Exercise requirements:
Starting at the line with "Giubbino slim composto" and ending at the line with "El BLX288/SM58 es", print exactly the lines of the entries below. Pictures do not belong in the copy.

***** Material to process

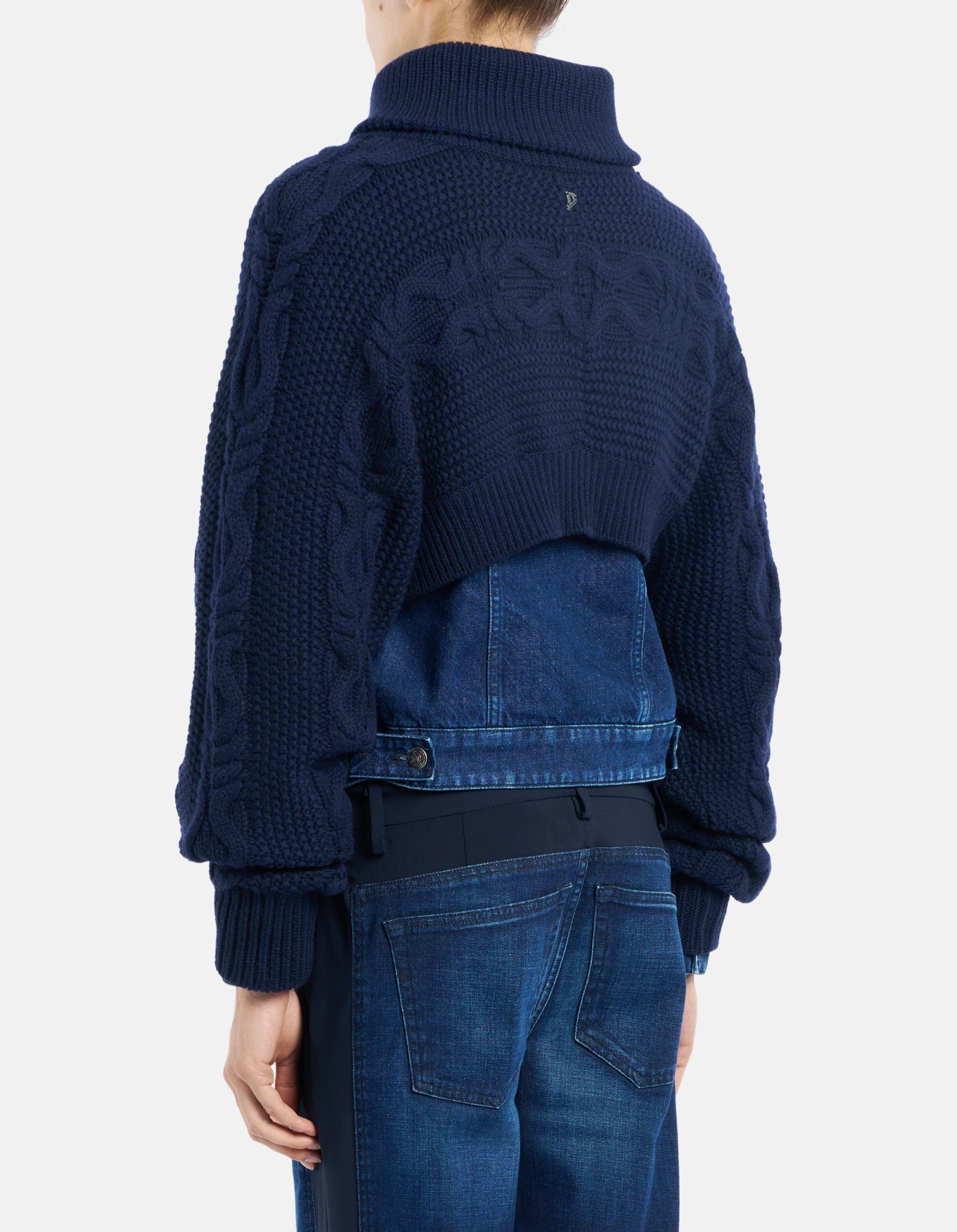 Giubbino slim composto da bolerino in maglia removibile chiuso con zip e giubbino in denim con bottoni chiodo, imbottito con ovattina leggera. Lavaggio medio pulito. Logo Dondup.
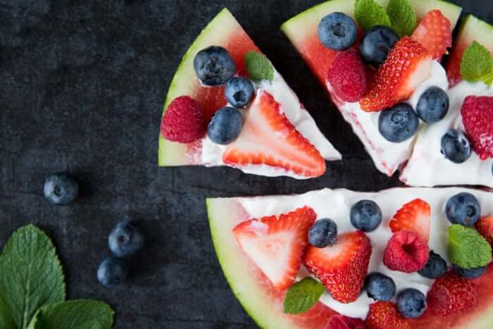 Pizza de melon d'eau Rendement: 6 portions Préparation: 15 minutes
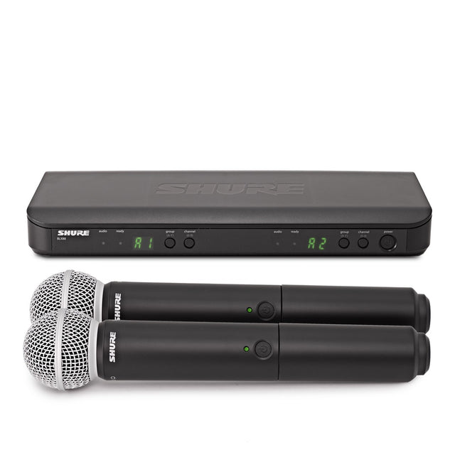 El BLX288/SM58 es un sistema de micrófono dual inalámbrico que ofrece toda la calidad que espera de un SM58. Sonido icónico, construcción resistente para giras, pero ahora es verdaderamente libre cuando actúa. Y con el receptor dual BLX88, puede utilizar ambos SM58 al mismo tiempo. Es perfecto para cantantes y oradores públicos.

**********
***** Material to process

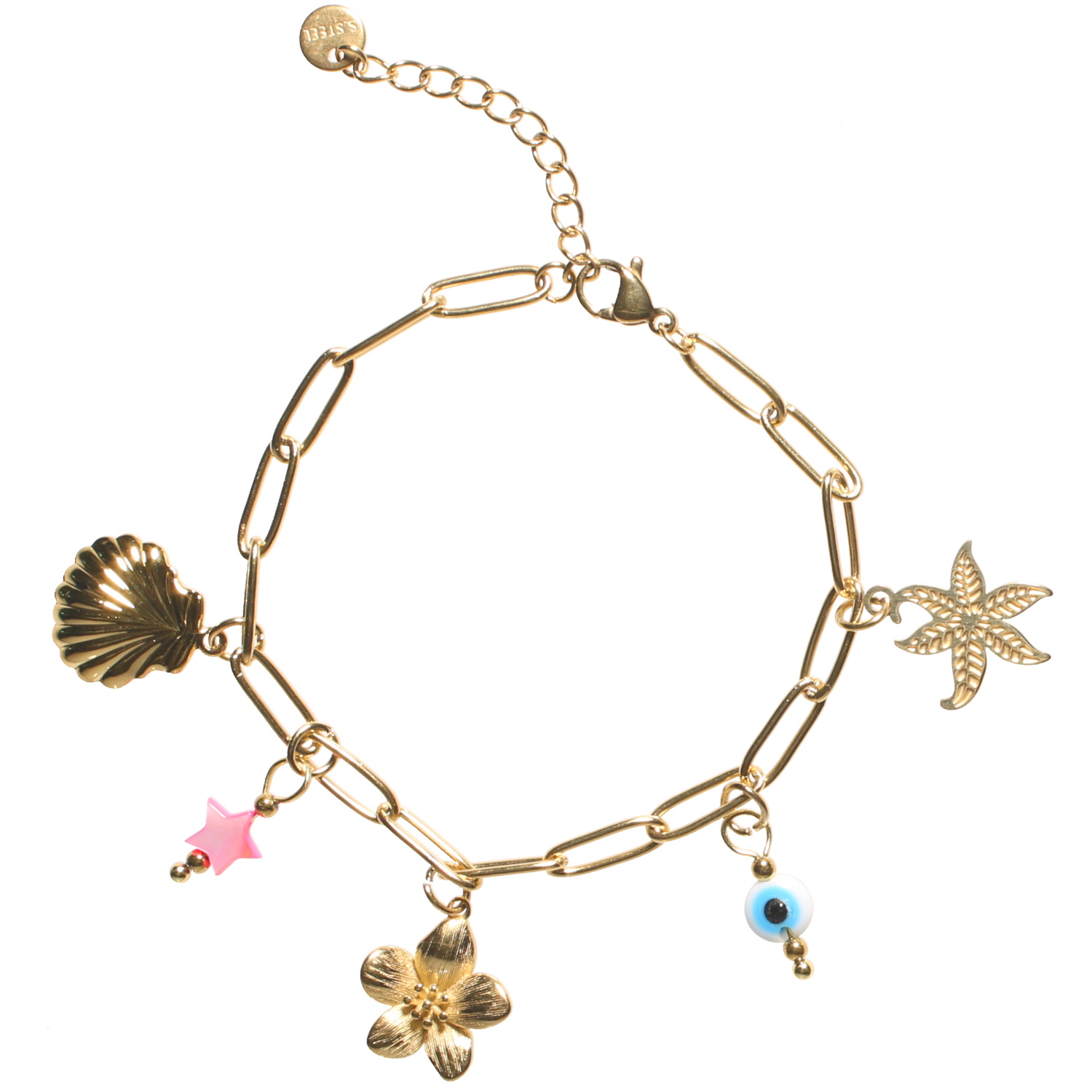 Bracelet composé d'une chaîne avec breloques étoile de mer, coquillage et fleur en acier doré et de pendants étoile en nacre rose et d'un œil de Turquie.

**********

Exercise output:
 Giubbino slim composto da bolerino in maglia removibile chiuso con zip e giubbino in denim con bottoni chiodo, imbottito con ovattina leggera. Lavaggio medio pulito. Logo Dondup.
 Pizza de melon d'eau Rendement: 6 portions Préparation: 15 minutes
 El BLX288/SM58 es un sistema de micrófono dual inalámbrico que ofrece toda la calidad que espera de un SM58. Sonido icónico, construcción resistente para giras, pero ahora es verdaderamente libre cuando actúa. Y con el receptor dual BLX88, puede utilizar ambos SM58 al mismo tiempo. Es perfecto para cantantes y oradores públicos.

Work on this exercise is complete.